[Available records]

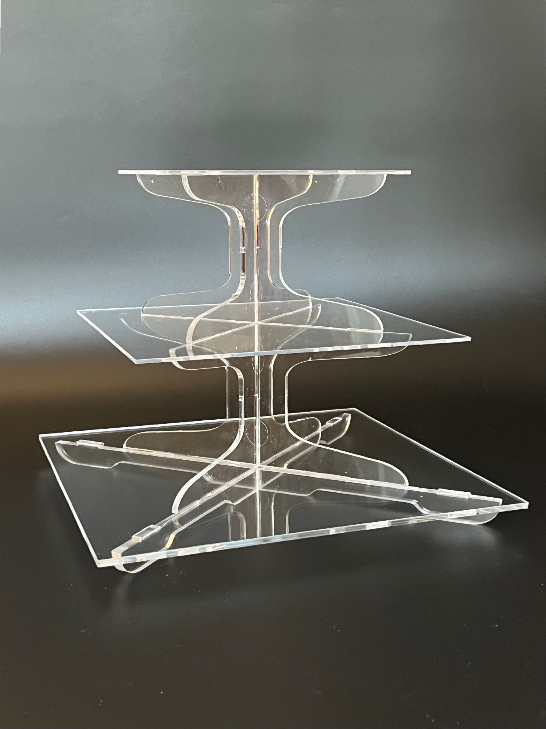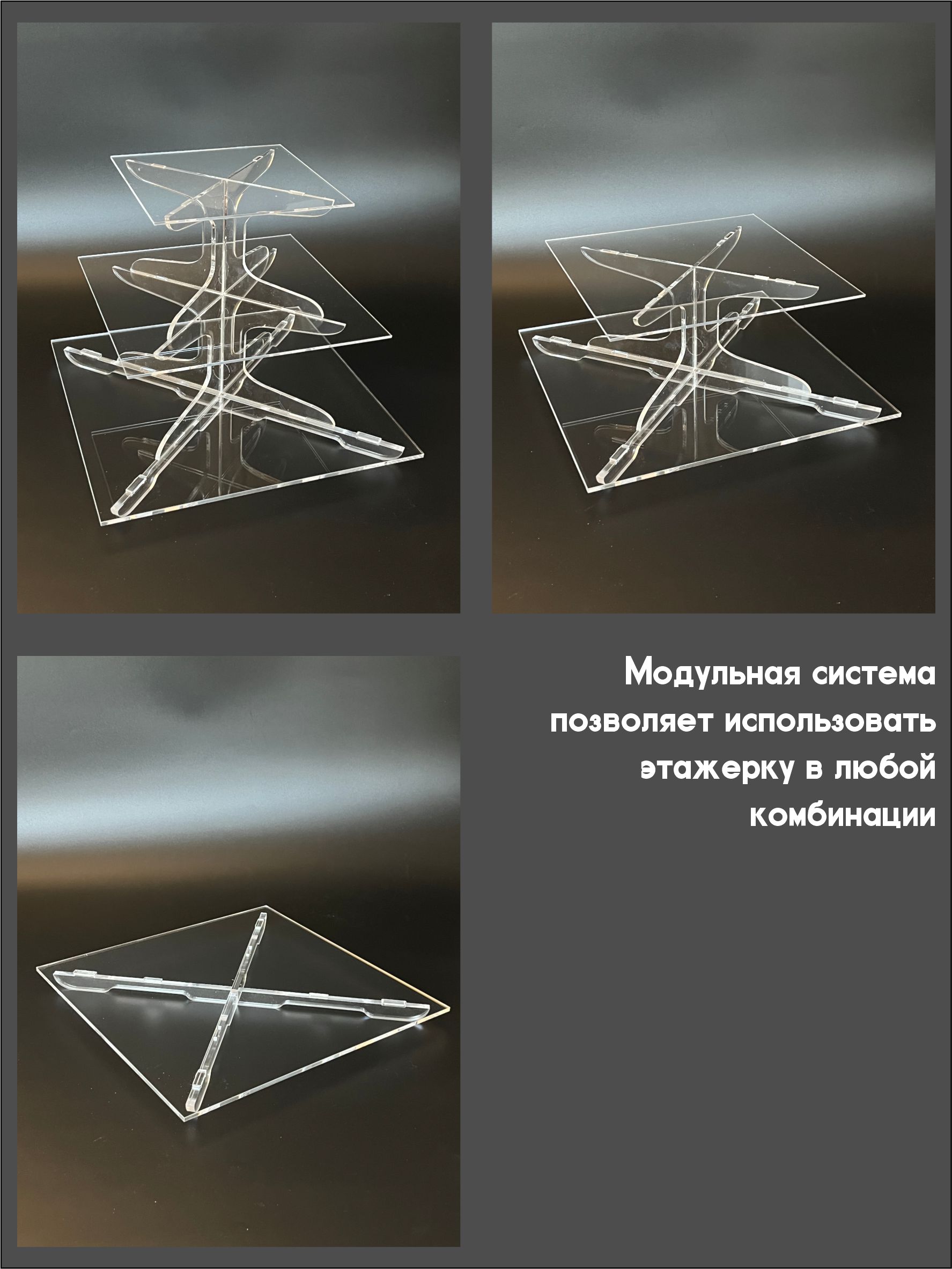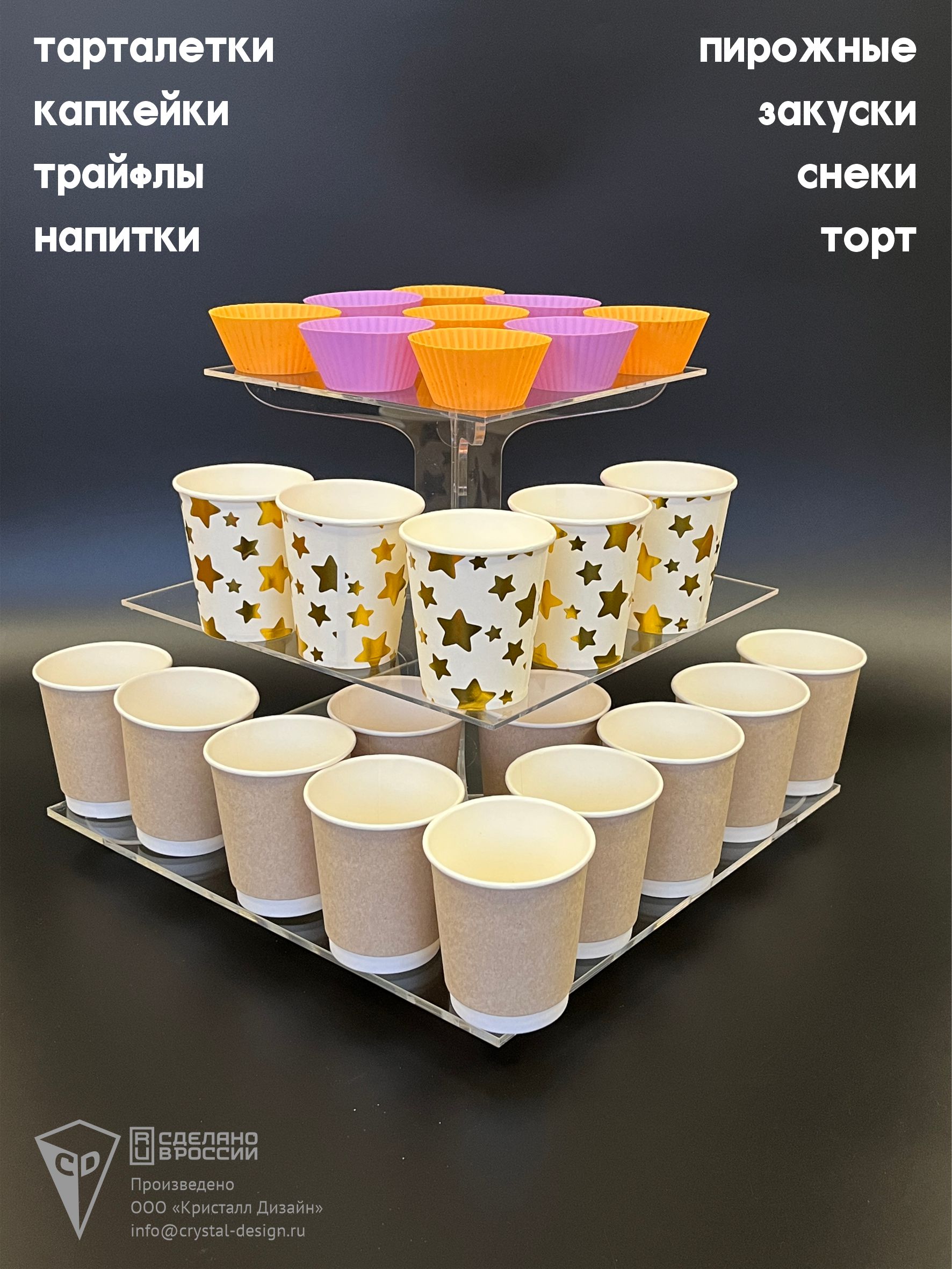 Представьте: ваши капкейки и десерты словно парят в невесомости на этой изящной этажерке! Прозрачные ярусы создают эффект легкости и воздушности, превращая обычный стол в произведение искусства.
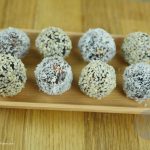 Khajoor Balls (dates) coated with coconut and sesame seeds
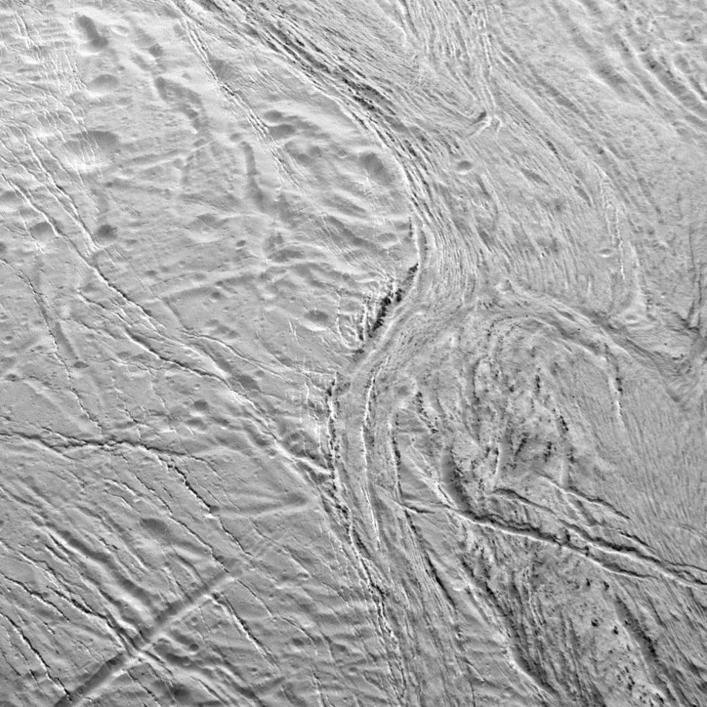 Cassini a survolé la lune Encelade pour la 23e et dernière fois de sa mission le 19 décembre dernier et a dévoilé des images de ce monde glacé qui fait l’objet de nombreuses attentions. En effet, au cours des survols successifs de cette lune, la sonde a révélé la nature d’Encelade : un monde glacé avec des geysers de glace d’eau s’échappant de fractures proches de son pôle sud, et des zones presque lisses. Les scientifiques ont alors émis l’hypothèse qu’un océan d’eau liquide serait présent sous la croûte glacée. La lune pourrait alors être susceptible d’abriter une vie microbienne, simple en raison des conditions extrêmes. Ce survol avait donc pour objectif principal de confirmer cette hypothèse de l’océan liquide en observant le flux de chaleur à travers le terrain polaire sud d’Encelade par le spectromètre à bord de la sonde. Il faut désormais attendre les résultats des mesures.
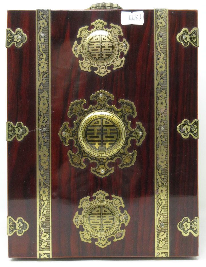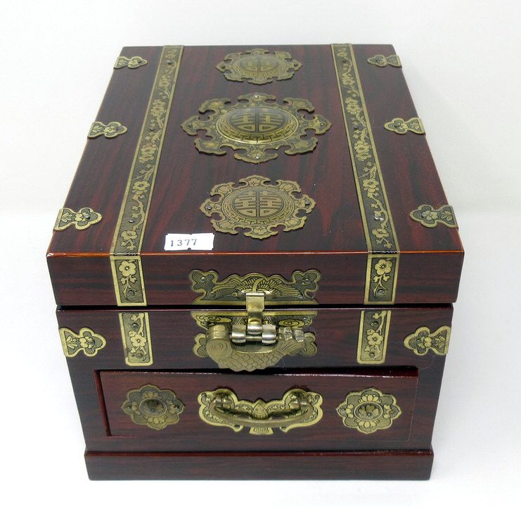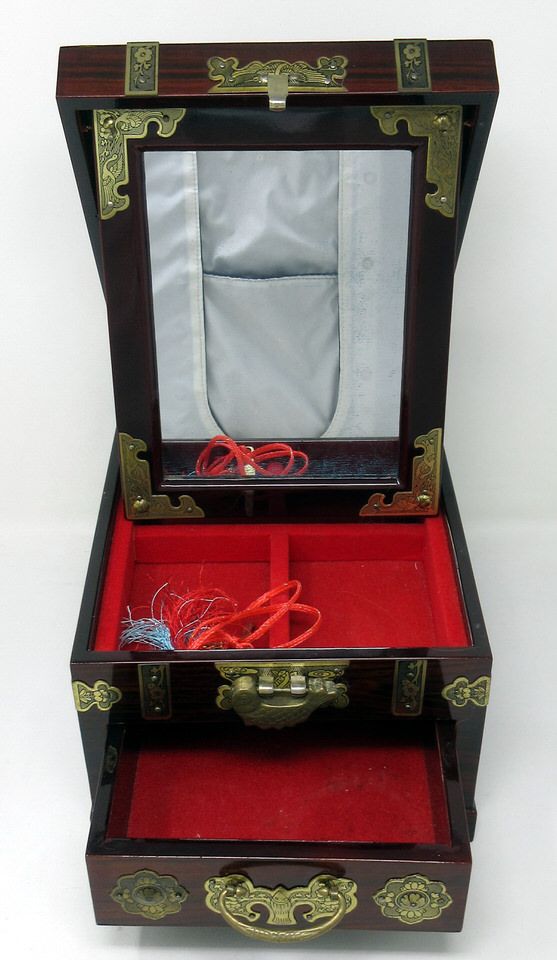 Sectioned top with fold out mirror and one drawer in the base. Very nice condition. 7.5" wide x 9.5" deep x 7" tall (when closed).
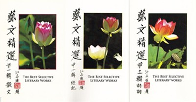 藝文三輯: 封面由女史夫君江志遠詩家題字,又配三款清荷,清麗脫俗。封底各有書家李鶴崑,甘富忠,及彭秀娟書法及女史照片,引人入勝。
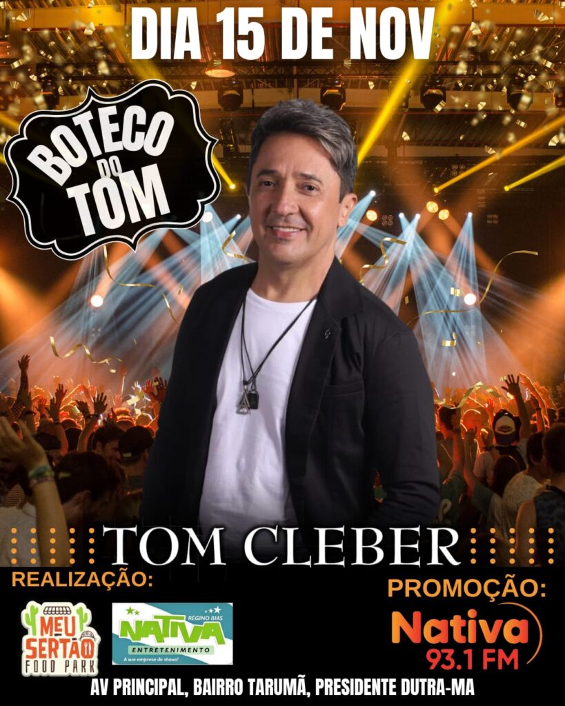 Na noite deste sábado dia 15 de novembro, o Cangaço Choperia recebe um dos maiores artistas brasileiro, o cantor maranhense Tom Cleber. Com canções românticas e letras que marcaram histórias, o cantor sobe no palco do Cangaço Choperia relembrando seus maiores sucessos com o Show Boteco do Ton.
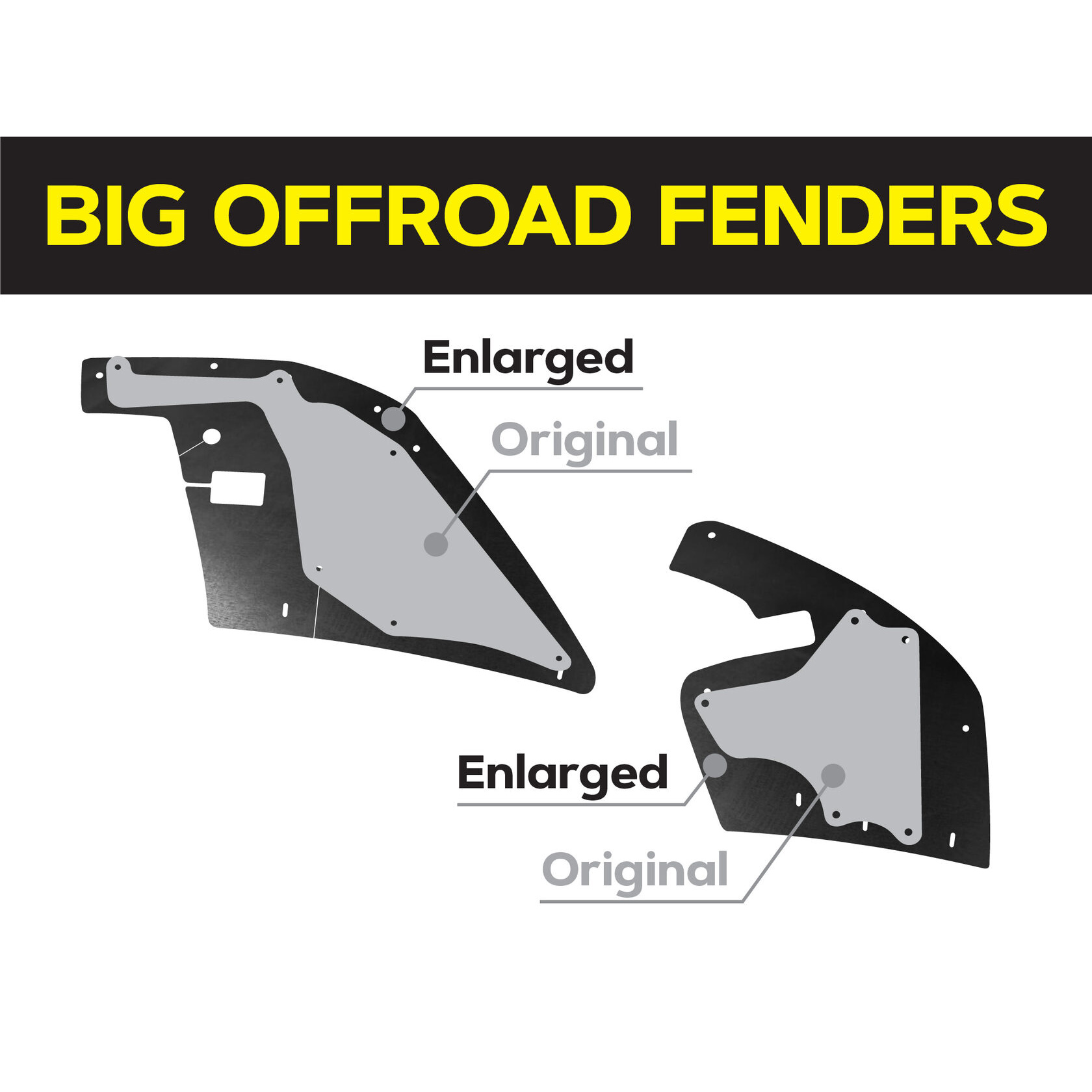 Повний комплект посиленого брудозахисту моторного відсіку для встановлення на передню вісь автомобіля. Площа посиленого брудозахисту значно більша за штатний, що дозволяє йому ефективно захищати не тільки моторний відсік, але й важливе електрообладнання, таке як генератор і стартер. Цей посилений брудозахист розроблений спеціально для експлуатації як у міських умовах, так і на найскладніших позашляхових трасах.

[/Available records]

Drop every image, please, and write out the data above exactly as shown.

 Представьте: ваши капкейки и десерты словно парят в невесомости на этой изящной этажерке! Прозрачные ярусы создают эффект легкости и воздушности, превращая обычный стол в произведение искусства.
 Khajoor Balls (dates) coated with coconut and sesame seeds
 Cassini a survolé la lune Encelade pour la 23e et dernière fois de sa mission le 19 décembre dernier et a dévoilé des images de ce monde glacé qui fait l’objet de nombreuses attentions. En effet, au cours des survols successifs de cette lune, la sonde a révélé la nature d’Encelade : un monde glacé avec des geysers de glace d’eau s’échappant de fractures proches de son pôle sud, et des zones presque lisses. Les scientifiques ont alors émis l’hypothèse qu’un océan d’eau liquide serait présent sous la croûte glacée. La lune pourrait alors être susceptible d’abriter une vie microbienne, simple en raison des conditions extrêmes. Ce survol avait donc pour objectif principal de confirmer cette hypothèse de l’océan liquide en observant le flux de chaleur à travers le terrain polaire sud d’Encelade par le spectromètre à bord de la sonde. Il faut désormais attendre les résultats des mesures.
 Sectioned top with fold out mirror and one drawer in the base. Very nice condition. 7.5" wide x 9.5" deep x 7" tall (when closed).
 藝文三輯: 封面由女史夫君江志遠詩家題字,又配三款清荷,清麗脫俗。封底各有書家李鶴崑,甘富忠,及彭秀娟書法及女史照片,引人入勝。
 Na noite deste sábado dia 15 de novembro, o Cangaço Choperia recebe um dos maiores artistas brasileiro, o cantor maranhense Tom Cleber. Com canções românticas e letras que marcaram histórias, o cantor sobe no palco do Cangaço Choperia relembrando seus maiores sucessos com o Show Boteco do Ton.
 Повний комплект посиленого брудозахисту моторного відсіку для встановлення на передню вісь автомобіля. Площа посиленого брудозахисту значно більша за штатний, що дозволяє йому ефективно захищати не тільки моторний відсік, але й важливе електрообладнання, таке як генератор і стартер. Цей посилений брудозахист розроблений спеціально для експлуатації як у міських умовах, так і на найскладніших позашляхових трасах.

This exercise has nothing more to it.